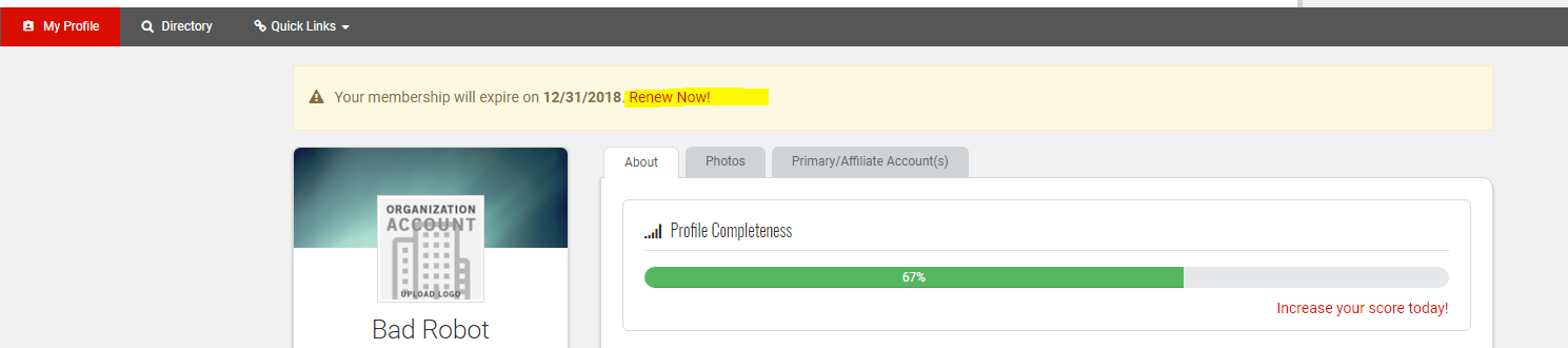 - From the My Profile view, you will be prompted to renew; click on “Renew Now!”
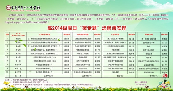 开学伊始,在学校的正确领导与各部门的有力配合下,高2014级各项工作有序而稳步的进行。在李顺林副校长的指导下,年级领导小组全体成员反复探讨抓重点踩线生的工作,细致分析本年级的实际情况,精心设计有效方案,最后取得共识,决定从第四周星期日晚开始,先开设文理数学、物理、化学微专题。各备课组首先根据“考纲”要求与学生实际选出突出的十个微专题,然后通过备课组推荐与学生邀请相结合的方式选定主讲教师,再把主讲教师及其专题名挂在学校网站上,最后由学生上网抢名额。由于系统的疏漏,还没到规定时间,学生已经在8号上午12点左右抢完名额。为公平起见,年级及时协调,临时增加了120个名额。3月9日晚上7点整,化学周波老师,物理苏道浪老师,数学庞洪国老师、童国福老师准时开讲,学生提前争先恐后到指定教室。老师精辟的分析讲解,让同学们茅塞顿开,信心倍增。
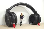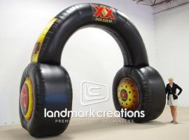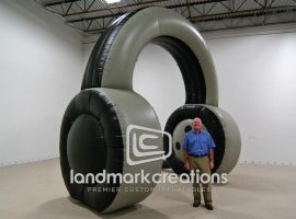 To attract trade show visitors to their booth at the 2013 International Consumer Electronics Show CES in Las Vegas, ONKYO inflates this giant headphone replica. The giant headphones contain functioning speakers in the earpieces to play live music, enticing attendees to the ONKYO booth to learn more about their technology and sound-enhancing products.
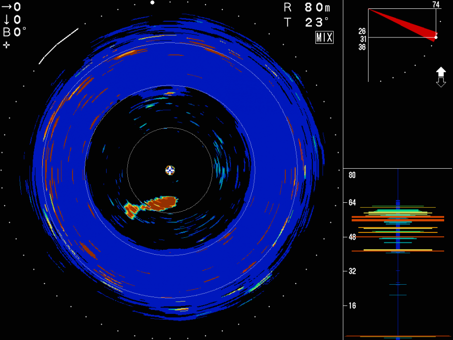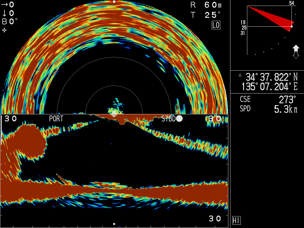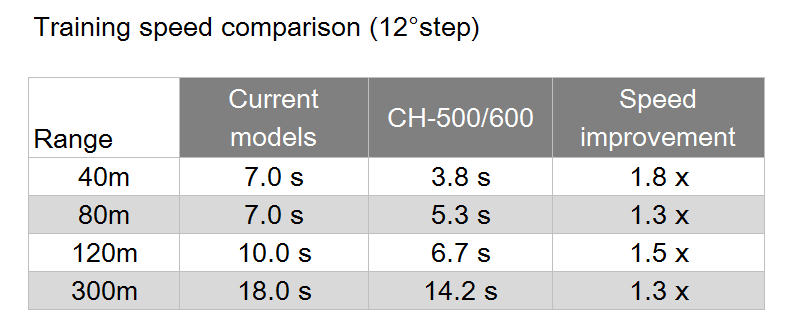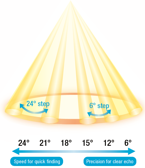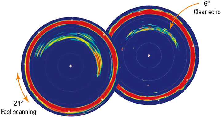CH-500/600 sónarinn er afkastamesti og hraðvirkasti sónarinn í sínum stærðarflokki. Velja má á milli 6 geislabreidda við skönnun (6°, 12°, 15°, 18°, 21° og 24°) á hámarks hraða og breidd valinna sneiða frá 24° til 360°. Aðeins örfáar sekúndur tekur að skanna alla sneiðina. Þessi mikla hraðvirkni CH-500/600 sónarsins gerir skipstjóranum kleift að skanna stór svæði á afar stuttum og árangursríkum tíma. Ábending: Þegar skipið er á mikilli ferð er hagstætt að nota 24° geislabreidd við skönnun. Þannig eru líkurnar mestar á því að menn missi ekki af torfu. Þegar endurvarp frá torfu skilar sér stilla menn sónarinn á þrengri geislabreidd og hægja á skipinu til að fá nákvæmari upplýsingar um torfuna.
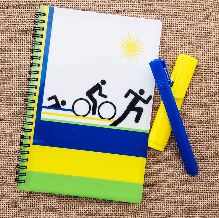 The perfect gift for any triathlon enthusiast! A lovely A5 spiral bound notebook with all three silhouettes depicting the three sports of swimming, cycling and running. Blue, yellow and green stripes on the wipe clean, durable cover and a cheerful yellow sun motif in one corner complete the design.
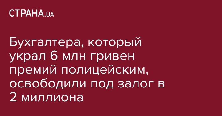 Главного бухгалтера управления Нацполиции в Киеве, которого вместе с другими руководителями задержали за присвоение 6 млн гривен премий полицейским, отпустили под залог в 2 миллиона гривен. Об этом пишут "Наши гроши" ссылаясь на постановление Днепровского суда Киева.
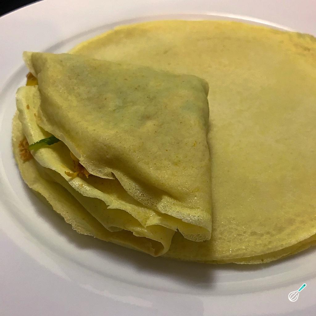 Dobre novamente ao meio e seu crepe suíço salgado está prontinho! Faça o mesmo com as outras folhas de crepe e já pode saborear essa delícia sem glúten!
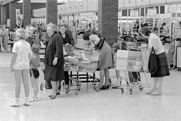 Shoppers queuing at the check-out tills
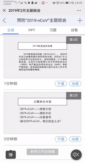 自肺炎疫情以来,外国语学院党政班子积极贯彻落实习近平总书记重要指示精神,疫情期间认真工作,将第一手消息第一时间传达给学院学生。辅导员老师们遵照上级部门的工作部署,未外出参与志愿活动的学生极配合学院工作,认真落实学院的具体要求。外国语学院全体同学时刻关注疫情动态,有效进行自我防护,及时回复学院下发的相关文件,通过微信、QQ等网络渠道及时向各班班长汇报每天的健康情况。除此之外,更有2019级商务英语(本科)一班等班级采用新型方式,进行以“预防‘2019-nCoV’”为主题的网络线上班会,班委精心制作疫情相关PPT,辅以讲解,为全班同学开展了一堂别开生面的线上“公开课”,用实际行动弘扬抗击疫情正能量,为疫情防控贡献力量。
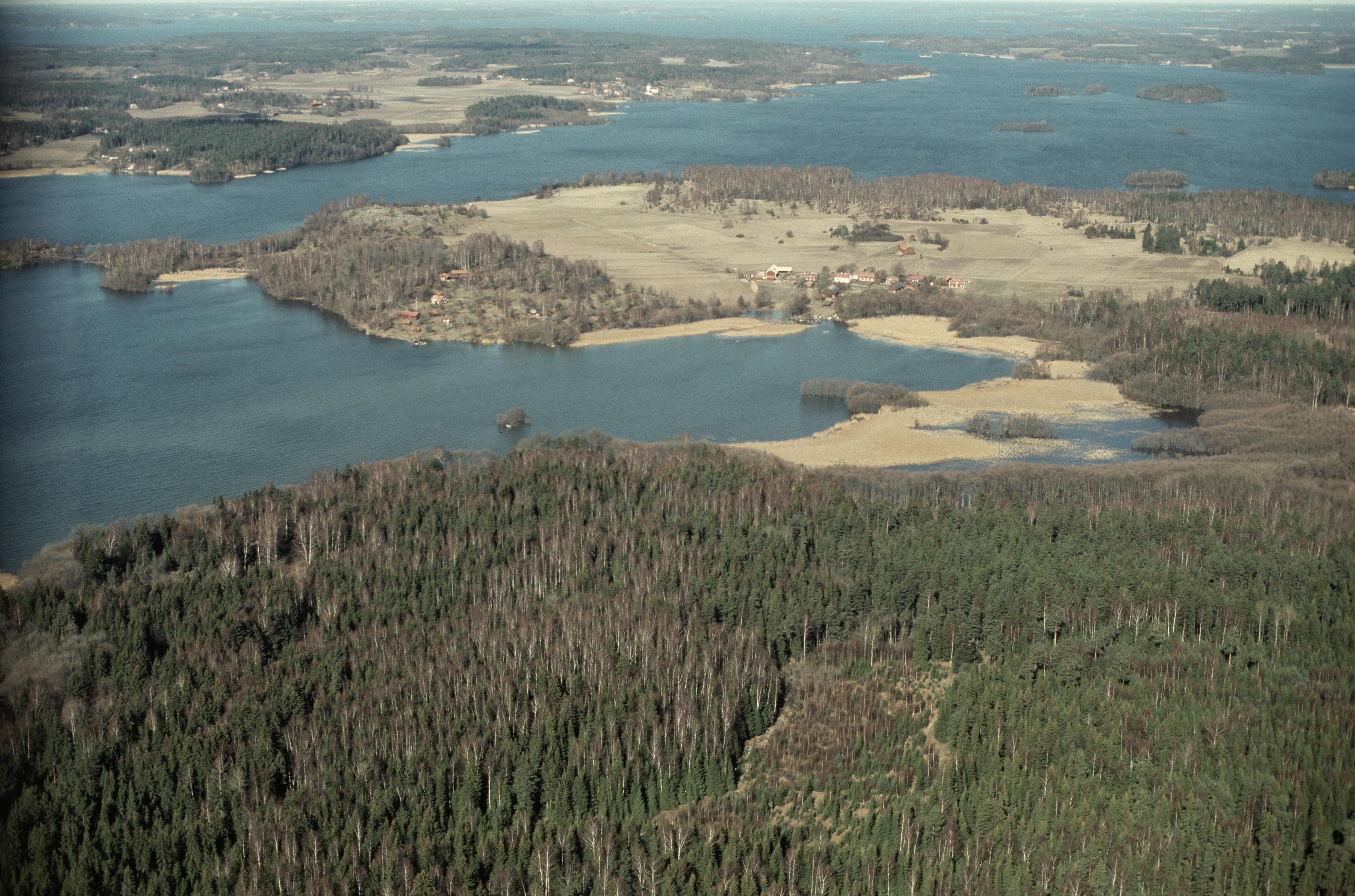 Beskrivning: Ön Björkö i Mälaren med fornlämningsområdet Birka. Vid bildens mitt fornborg Borg RAÄnr Adelsö 34:1, grav- och boplatsområden Hemlanden och Svarta jorden Adelsö 118:1 vid Stadsvallen Adelsö 119:1-2, Björkö by m.fl. Uppe till vänster Adelsön. Bilden är tagen mot (väderstreck): NV
* * *
> ACTIVITY: Leave the pictures out, and transcribe exactly the lines above starting at the one that contains "Главного бухгалтера управления" and ending at the one that contains "自肺炎疫情以来,外国语学院党".

> OUTPUT FOR THIS TASK:
 Главного бухгалтера управления Нацполиции в Киеве, которого вместе с другими руководителями задержали за присвоение 6 млн гривен премий полицейским, отпустили под залог в 2 миллиона гривен. Об этом пишут "Наши гроши" ссылаясь на постановление Днепровского суда Киева.
 Dobre novamente ao meio e seu crepe suíço salgado está prontinho! Faça o mesmo com as outras folhas de crepe e já pode saborear essa delícia sem glúten!
 Shoppers queuing at the check-out tills
 自肺炎疫情以来,外国语学院党政班子积极贯彻落实习近平总书记重要指示精神,疫情期间认真工作,将第一手消息第一时间传达给学院学生。辅导员老师们遵照上级部门的工作部署,未外出参与志愿活动的学生极配合学院工作,认真落实学院的具体要求。外国语学院全体同学时刻关注疫情动态,有效进行自我防护,及时回复学院下发的相关文件,通过微信、QQ等网络渠道及时向各班班长汇报每天的健康情况。除此之外,更有2019级商务英语(本科)一班等班级采用新型方式,进行以“预防‘2019-nCoV’”为主题的网络线上班会,班委精心制作疫情相关PPT,辅以讲解,为全班同学开展了一堂别开生面的线上“公开课”,用实际行动弘扬抗击疫情正能量,为疫情防控贡献力量。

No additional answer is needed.